[Collected data]
-------------------------
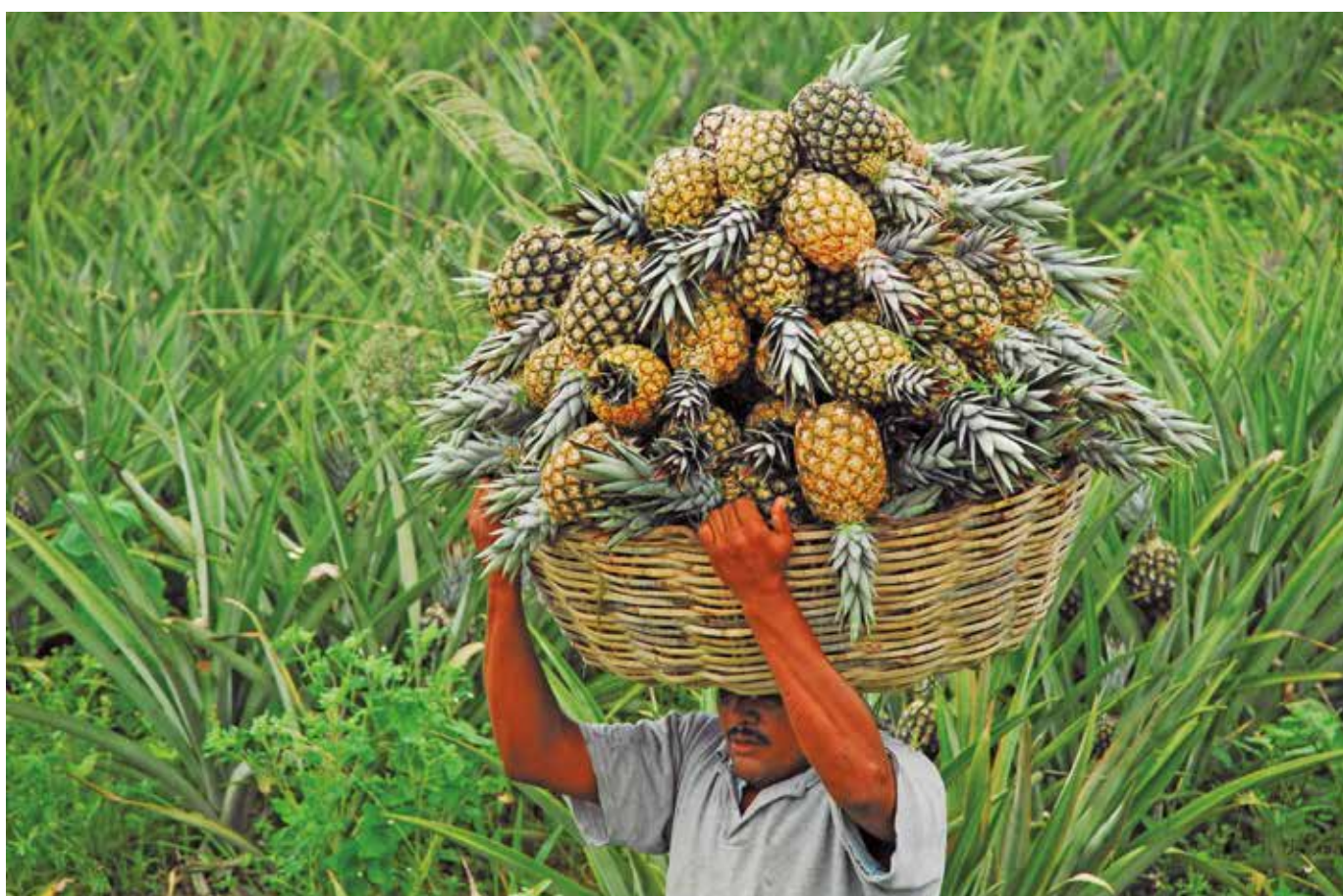
Abacaxi cultivado em municípios paraibanos abastece a produção do concentrado enviado para os Estados Unidos
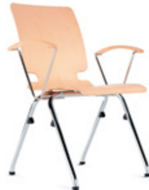
Axo 10 A
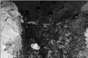
工程技术人员加班加点排险除障
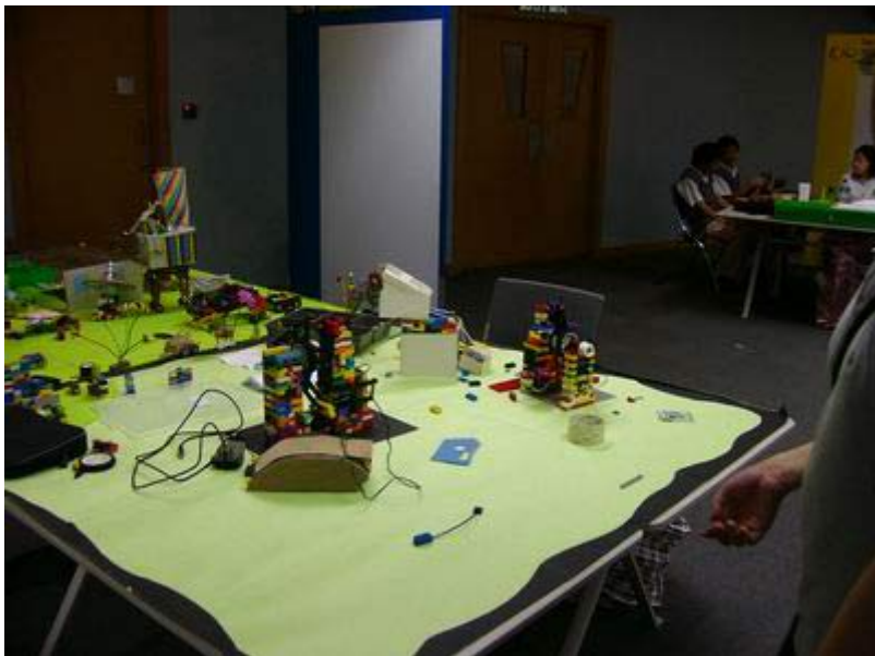
图为：学生设计的作品展示

第四个指导原则是营造一个彼此尊重、彼此信任的环境。原因之一是我们希望孩子们长大后可以成为合格的社会成员，而信任和尊重他人是成为一名好公民的必要条件。但这并不是唯一的原因：我们发现如果我们想要在其它几个原则上取得成功，想要孩子们来到电脑俱乐部根据自己的经验进行设计，就必须提供给他们一个相互信任的环境。一个孩子在设计一个东西的时候，不会一开始就成功。如果他在遭到失败的同时又受到其它孩子的嘲笑、捉弄和奚落，那么他可能就不愿再去尝试了。想成为一个好的设计师，就必须敢于冒险，乐于冒险，但人们是不愿意在一个缺乏信任和尊重的环境中冒险的。所以我们认为创造一个彼此信任和尊重的环境非常重要，这样孩子们就愿意冒险，愿意尝试新的想法，并能从中学到知识。
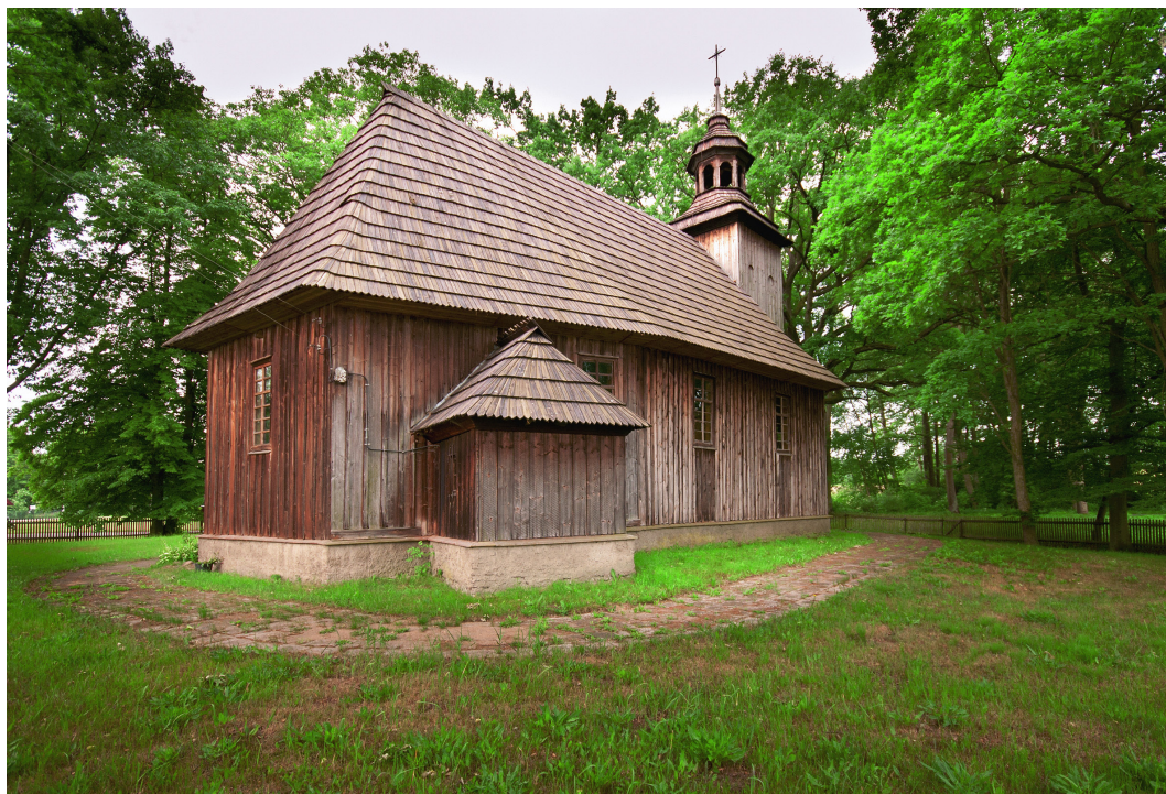
Dziesławice, gmina Międzybórz, kościół z XVII w.
-------------------------
WHAT YOU SHOULD DO
Up to and including the line that holds "图为：学生设计的作品展示", restate word for word each line of the records from their start, and only those lines, leaving out the pictures.

ANSWER TO THIS TASK
Abacaxi cultivado em municípios paraibanos abastece a produção do concentrado enviado para os Estados Unidos
Axo 10 A
工程技术人员加班加点排险除障
图为：学生设计的作品展示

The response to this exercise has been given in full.